• _The task_:
Your output should be the lines below from the one with "일반적으로 알려진 것은" through the one with "планирует отозвать истребители", copied exactly, pictures excluded.

• _Data listing_:
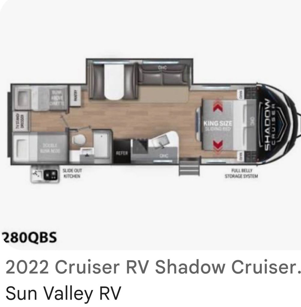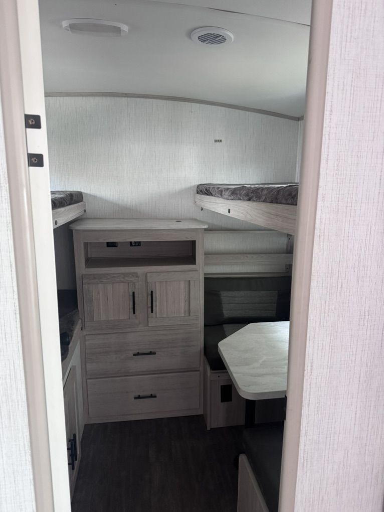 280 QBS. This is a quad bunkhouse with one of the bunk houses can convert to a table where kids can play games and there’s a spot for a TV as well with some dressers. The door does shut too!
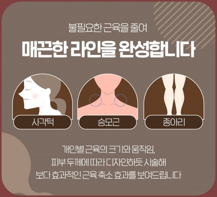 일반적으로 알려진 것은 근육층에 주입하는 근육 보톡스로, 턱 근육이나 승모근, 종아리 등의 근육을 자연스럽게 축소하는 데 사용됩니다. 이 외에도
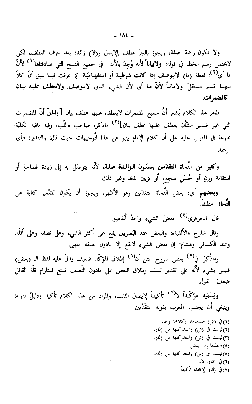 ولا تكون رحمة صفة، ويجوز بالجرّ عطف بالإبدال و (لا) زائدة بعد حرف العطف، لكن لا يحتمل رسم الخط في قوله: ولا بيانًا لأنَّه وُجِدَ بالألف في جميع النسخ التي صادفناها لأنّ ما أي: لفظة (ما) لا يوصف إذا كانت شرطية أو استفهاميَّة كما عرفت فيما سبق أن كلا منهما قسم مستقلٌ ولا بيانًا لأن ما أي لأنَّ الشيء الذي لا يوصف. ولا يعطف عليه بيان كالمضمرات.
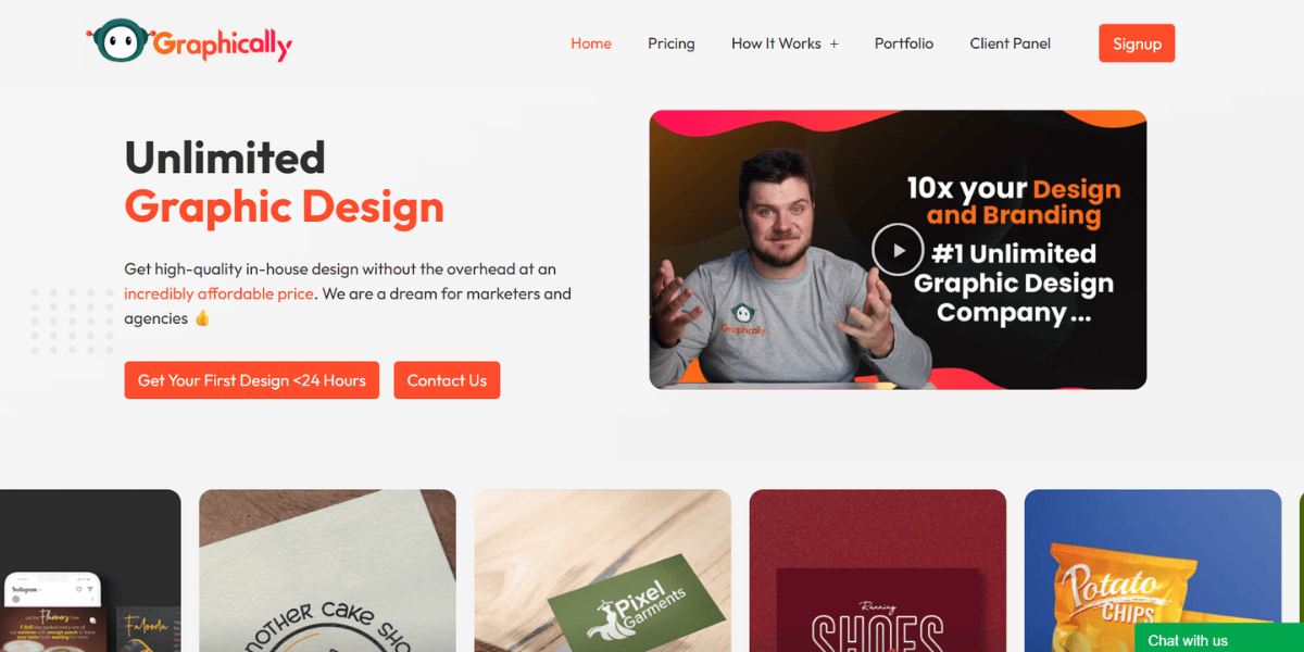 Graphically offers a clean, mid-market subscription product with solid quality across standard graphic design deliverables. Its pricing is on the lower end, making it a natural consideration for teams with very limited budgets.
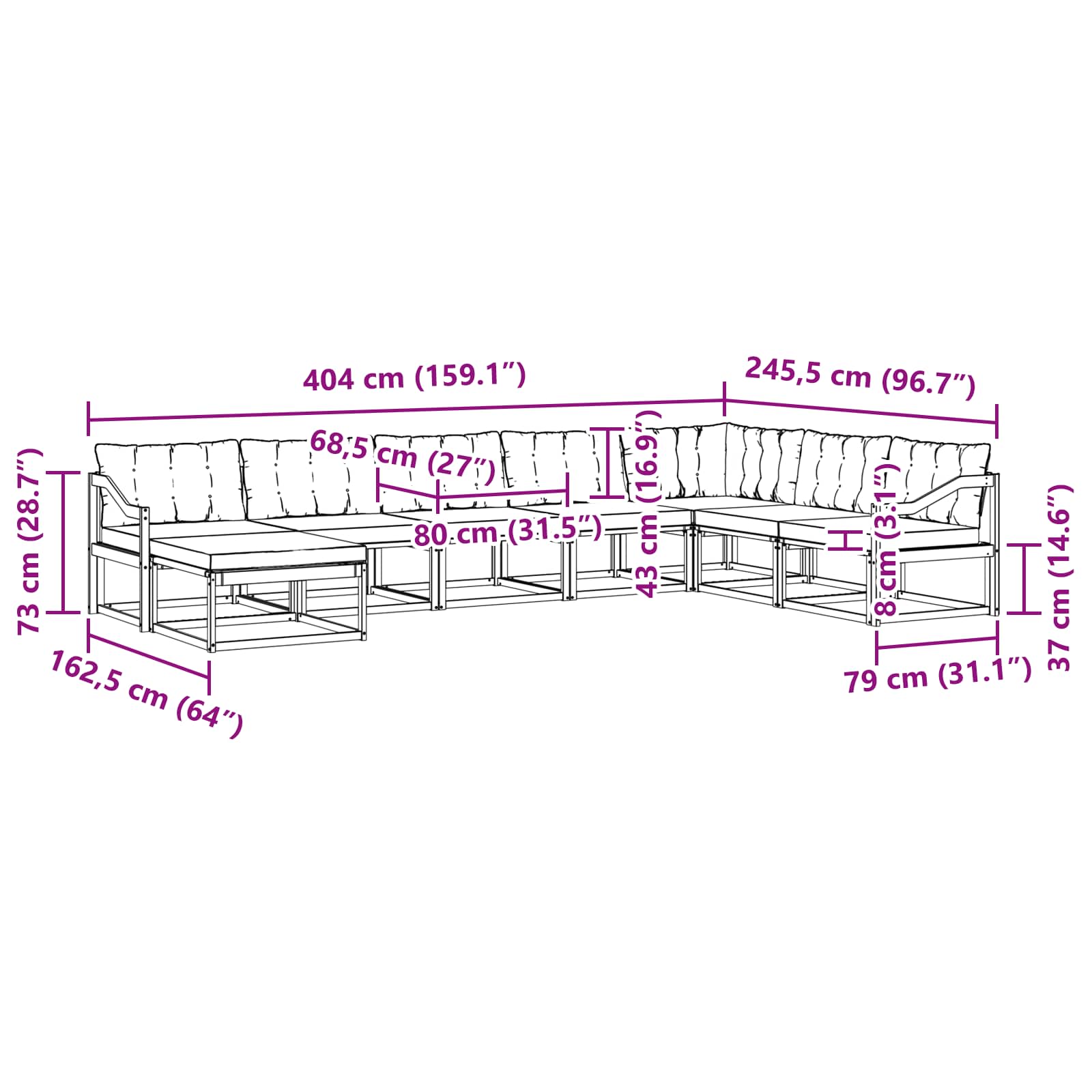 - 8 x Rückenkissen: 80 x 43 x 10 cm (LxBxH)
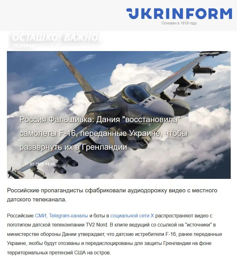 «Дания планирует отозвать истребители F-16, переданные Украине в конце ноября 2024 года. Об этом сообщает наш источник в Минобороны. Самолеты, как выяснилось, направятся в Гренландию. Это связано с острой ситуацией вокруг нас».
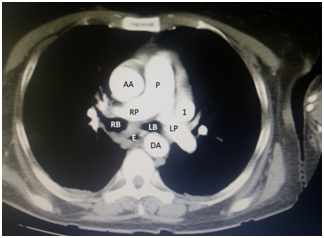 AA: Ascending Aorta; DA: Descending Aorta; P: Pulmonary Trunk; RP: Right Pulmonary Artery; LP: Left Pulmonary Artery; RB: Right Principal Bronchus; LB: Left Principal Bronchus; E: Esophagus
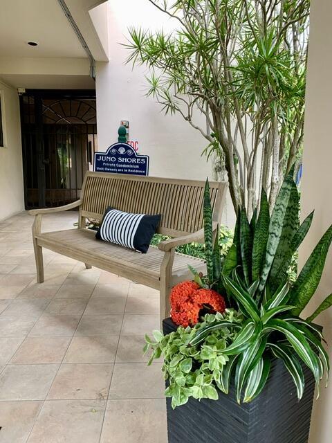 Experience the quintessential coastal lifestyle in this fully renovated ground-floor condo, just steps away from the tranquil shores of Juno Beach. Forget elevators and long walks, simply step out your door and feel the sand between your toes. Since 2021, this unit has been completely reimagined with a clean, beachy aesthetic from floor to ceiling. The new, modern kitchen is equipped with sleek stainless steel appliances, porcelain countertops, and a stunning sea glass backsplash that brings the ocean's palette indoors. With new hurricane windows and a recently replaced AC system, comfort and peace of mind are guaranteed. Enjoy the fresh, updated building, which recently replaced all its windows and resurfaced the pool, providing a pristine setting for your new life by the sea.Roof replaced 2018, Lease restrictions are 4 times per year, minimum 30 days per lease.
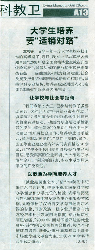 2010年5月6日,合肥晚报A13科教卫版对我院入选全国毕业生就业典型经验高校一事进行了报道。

• _Result of the exercise_:
 일반적으로 알려진 것은 근육층에 주입하는 근육 보톡스로, 턱 근육이나 승모근, 종아리 등의 근육을 자연스럽게 축소하는 데 사용됩니다. 이 외에도
 ولا تكون رحمة صفة، ويجوز بالجرّ عطف بالإبدال و (لا) زائدة بعد حرف العطف، لكن لا يحتمل رسم الخط في قوله: ولا بيانًا لأنَّه وُجِدَ بالألف في جميع النسخ التي صادفناها لأنّ ما أي: لفظة (ما) لا يوصف إذا كانت شرطية أو استفهاميَّة كما عرفت فيما سبق أن كلا منهما قسم مستقلٌ ولا بيانًا لأن ما أي لأنَّ الشيء الذي لا يوصف. ولا يعطف عليه بيان كالمضمرات.
 Graphically offers a clean, mid-market subscription product with solid quality across standard graphic design deliverables. Its pricing is on the lower end, making it a natural consideration for teams with very limited budgets.
 - 8 x Rückenkissen: 80 x 43 x 10 cm (LxBxH)
 «Дания планирует отозвать истребители F-16, переданные Украине в конце ноября 2024 года. Об этом сообщает наш источник в Минобороны. Самолеты, как выяснилось, направятся в Гренландию. Это связано с острой ситуацией вокруг нас».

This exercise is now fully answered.